Donald Fagen

Sunken Condos

2012 (Reprise) | jazz-pop

Ancora lui, l’incorreggibile. Fedele a se stesso come a un totem – quale del resto ormai è – Donald Fagen si ripresenta con l’adorabile faccia tosta di sempre, quella di chi se ne infischia del tempo che passa, delle mode e delle categorie. Cambia unicamente l’intervallo tra un disco e l’altro: non più i soliti dieci anni e passa, ma “solo” sei, a separare questo “Sunken Condos” dal precedente “Morph The Cat”. Ma le lancette dell’orologio sono ancora appese a quell’attimo indefinibile che partorì il capolavoro “The Nightfly”, solo incidentalmente attribuibile all’anno 1982.
Musica senza tempo e che non può cambiare. Astenersi, dunque, oltranzisti dell’innovazione a tutti i costi, della musica come ricerca proiettata nel futuro, perché il buon Donald non ne vuole sapere, di voi e dei vostri teoremi avveniristici. Lui resta lì, piantato in quello studio radiofonico, magari incanutito e un po’ avvizzito, ma con la stessa flemma da jazzista di velluto, a inseguire le ombre della notte con un microfono in mano e una Chesterfield da consumare lentamente, davanti a un vecchio giradischi.

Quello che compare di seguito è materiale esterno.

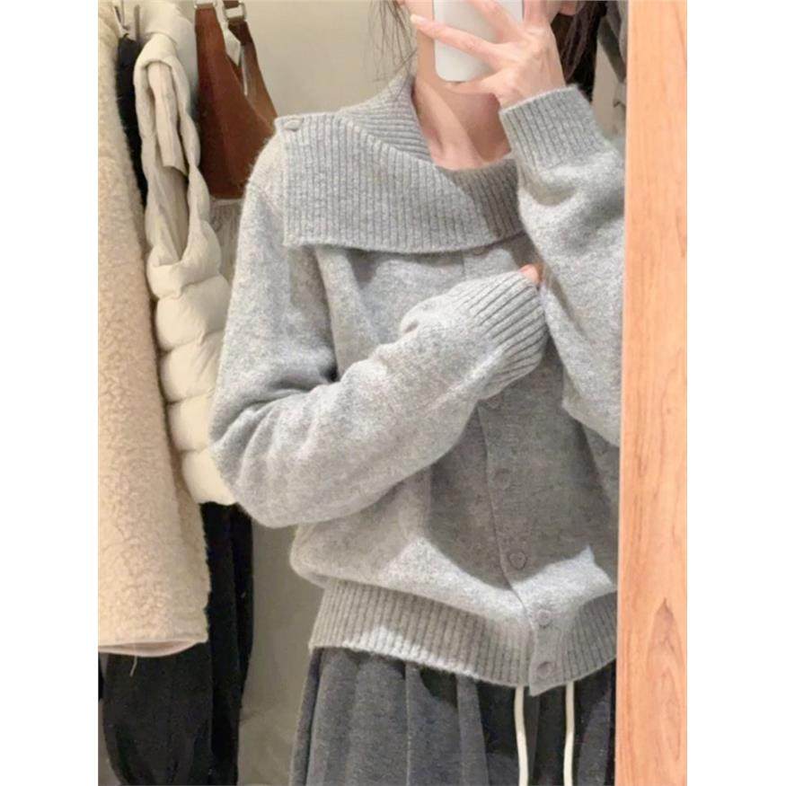 设计感独特灰色翻领羊毛针织衫女早秋chic别致不规则短款开衫上衣

E l’impressione, attaccando “Sunken Condos”, è proprio di trovarsi di fronte a un sound immutabile, che non è superato oggi come non era all’avanguardia allora, ma che semplicemente si ripropone di irretire, o tutt’al più intrattenere, con le stesse armi intelligenti di sempre. Certo, il perfezionista Fagen non poteva sbagliare il (co)produttore, e la scelta di Michael Leonhart – mulistrumentista e guru da studio quasi più maniacale di lui, con il gusto per l’orchestrazione jazzy e l’arrangiamento perfetto – si rivela quantomai azzeccata, così come magnifica è ancora una volta la pulizia del suono, che farà, al solito, la gioia degli audiofili.
Niente da eccepire sul sound, dunque, oltre che sui soliti favolosi sessionmen (tra i quali brilla il chitarrista Jon Herington) e sugli arrangiamenti eleganti, in cui s’insinua, a tratti, un’inconsueta armonica à-la Wonder. E a convincere è anche il groove complessivo del disco, che su questo fronte - dall’iniziale funk sfrenato di “Slinky Thing” al serpeggiante incedere disco del singolo “I’m Not The Same Without You” fino alla tiratissima cover di “Out Of The Ghetto” di Isaac Hayes - segna un passo avanti rispetto al più statico e rilassato “Morph The Cat”.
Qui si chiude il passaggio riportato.